Peter Handke ist einer der bekanntesten zeitgenössischen deutschsprachigen Autoren. Der österreichische Schriftsteller veröffentlicht seit Ende der 1960er Jahre seine oftmals radikalen und unbequemen Texte. Darin beschäftigt er sich unter anderem mit der Entfremdung des Menschen von der Welt, in der er lebt. Eine zentrale Frage seiner frühen Schriften ist diese: "Wie soll man leben?" In ihrem Dokumentarfilm besucht die Filmemacherin Corinna Belz den berühmten Künstler, der zurückgezogen in Frankreich auf dem Lande lebt, in seinem Zuhause.
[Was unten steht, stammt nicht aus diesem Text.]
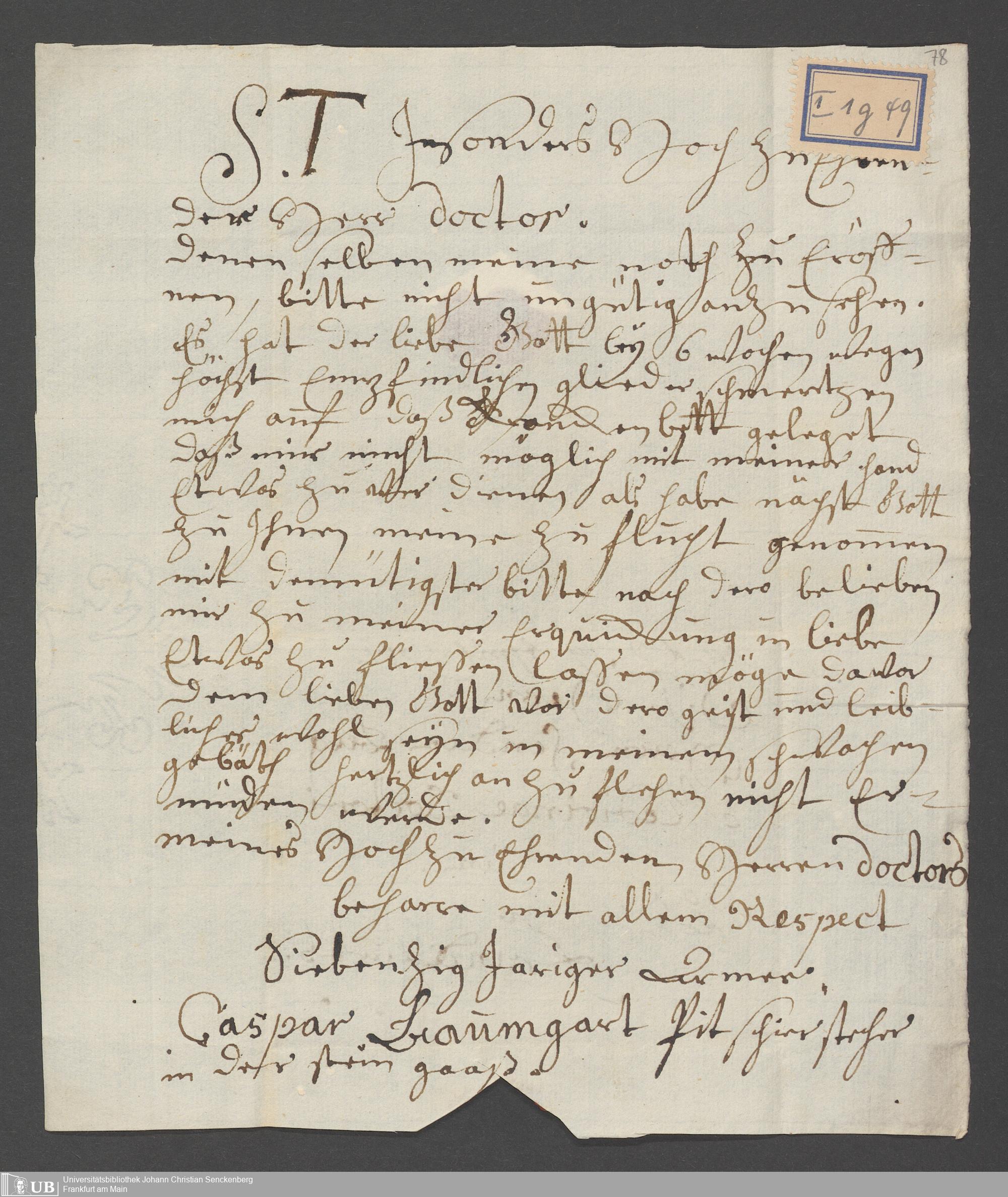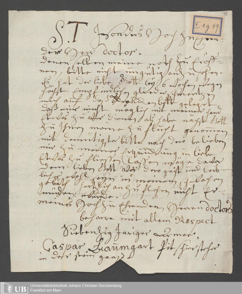 Na 31 Nachlass Johann Christian Senckenberg, 110 - Briefe an Johann Christian Senckenberg von verschiedenen Absender (A-D) (p. I.1.g.49)
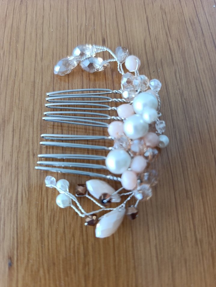 Bej renkli, boncuk ve incilerle süslenmiş örme saç tokası. Bohem ve vintage tarzı yansıtır. Nişan ve özel gunlerde kullanılabilir. 1 defa kullanıldı. Minimalistik şıklık sevenler için.
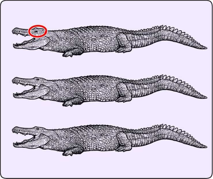 Bentornato/a su Aforismi.it. Oggi ci troviamo di fronte ad un quiz davvero complicato: tre feroci alligatori sembrano essere perfettamente identici ma uno, si distingue dagli altri per un dettaglio davvero microscopico ma che una volta notato non potrai più fare a meno di vedere. Riesci a notarlo? Prima di svelarti qualsiasi suggerimento ti lascio un po’ di tempo per guardare attentamente l’immagine.
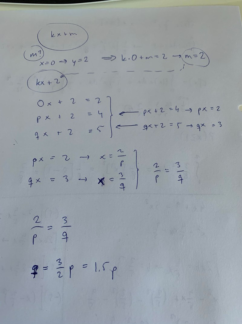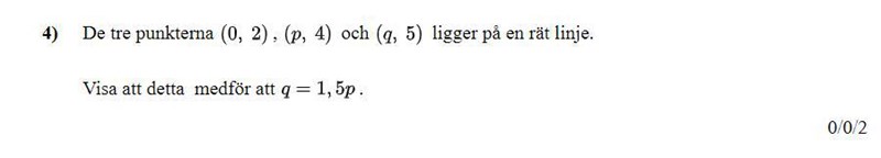 Sedan kan du använda formen för räta linjen, y=kx + m med m-värdet insatt och sätta in koordinaterna för de andra två punkterna och därmed få 2 ekvationer (i variablerna p, q och k) .Då går det att jobba med detta ekvationssystem så att du får bort k och kan uttrycka q i p.
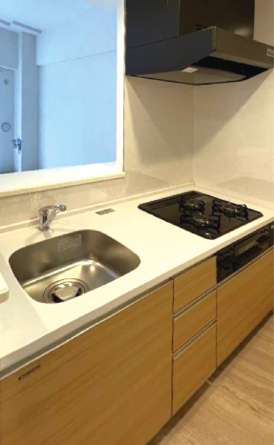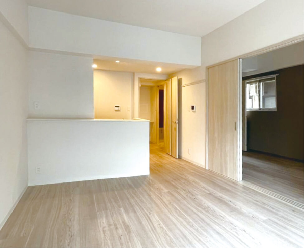 対面式のシステムキッチンがある1LDK。
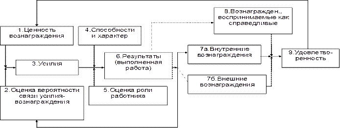 Пунктирная линия между результативностью и внешним вознаграждением означает, что может существовать связь между результативностью какого-либо сотрудника и выдаваемыми ему вознаграждениями. Дело в том, что эти вознаграждения отражают возможности вознаграждения, определяемые руководителем для данного сотрудника и организации в целом. Пунктирная линия между результативностью и вознаграждением, воспринимаемым как справедливое (8), использована для того, чтобы показать, что в соответствии с теорией справедливости, люди имеют собственную оценку степени справедливости вознаграждения, выдаваемого за те или иные результаты. Удовлетворение (9) — это результат внешних и внутренних вознаграждений с учетом их справедливости (8). Удовлетворение является мерилом того, насколько ценно вознаграждение на самом деле (1). Эта оценка будет влиять на восприятие человеком будущих ситуаций.
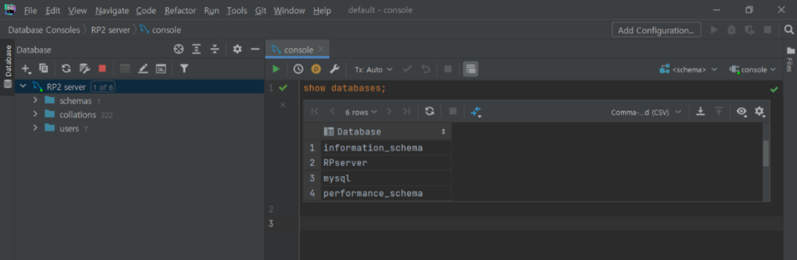 아래와 같이 성공적으로 Data grip과 MYSQL이 연결되는 것을 볼 수 있습니다.

Sie begleitet ihn beim Durchwandern seines Gartens, beim Putzen der Pilze für das Abendbrot, beim Bummel durch die angrenzende nächstgrößere Stadt, beim Essen mit seiner Tochter. Dazwischen immer wieder historisches Bildmaterial, Interviews mit dem Meister selbst, Fotografien aus der Vergangenheit, Ausschnitte aus seinen Texten, gelesen von ihm, in dieser typisch langsamen, immer etwas versetzt nuancierten Art. Belz' Film setzt dabei nie den Anspruch, den "wahren" Peter Handke zu zeigen. Der Film macht ganz im Gegenteil auf kluge Weise deutlich, wie sehr ein Künstler, der etwas erschafft, auch selbst zu etwas Künstlichem wird. Gleich zu Beginn akzeptiert Handke dieses Schicksal. Er wisse, eine Rolle zu spielen, er wisse nur nicht, welche. Und so inszeniert Handke sich. Belz lässt ihn dabei gewähren, fängt aber genau diese Inszenierung mit ruhigen und exakt komponierten Bildern ein, hält sich im Hintergrund. Nur manchmal sind ihre Fragen zu hören. Die meiste Zeit aber dominiert der Autor, der als Enfant Terrible der Literatur bekannt wurde. Nun aber, und dies macht PETER HANDKE - BIN IM WALD. KANN SEIN, DASS ICH MICH VERSPÄTE klar, scheint er selbst eine seiner wichtigsten Fragen beantwortet zu haben. "Wie soll man leben?" Peter Handke zeigt in seinem Zuhause in Frankreich jedenfalls, wie er leben möchte. Ein kluger und reflektierter Film über einen großen Künstler. Und einen Menschen, der die Kunst auch dazu nutzt, sein eigenes Ich zu schützen.
http://fbw-filmbewertung.com/film/peter_handke_bin_im_wald_kann_sein_dass_ich_mich_verspaete
Cahier africain
Dokumentarfilm. Deutschland, Schweiz 2016.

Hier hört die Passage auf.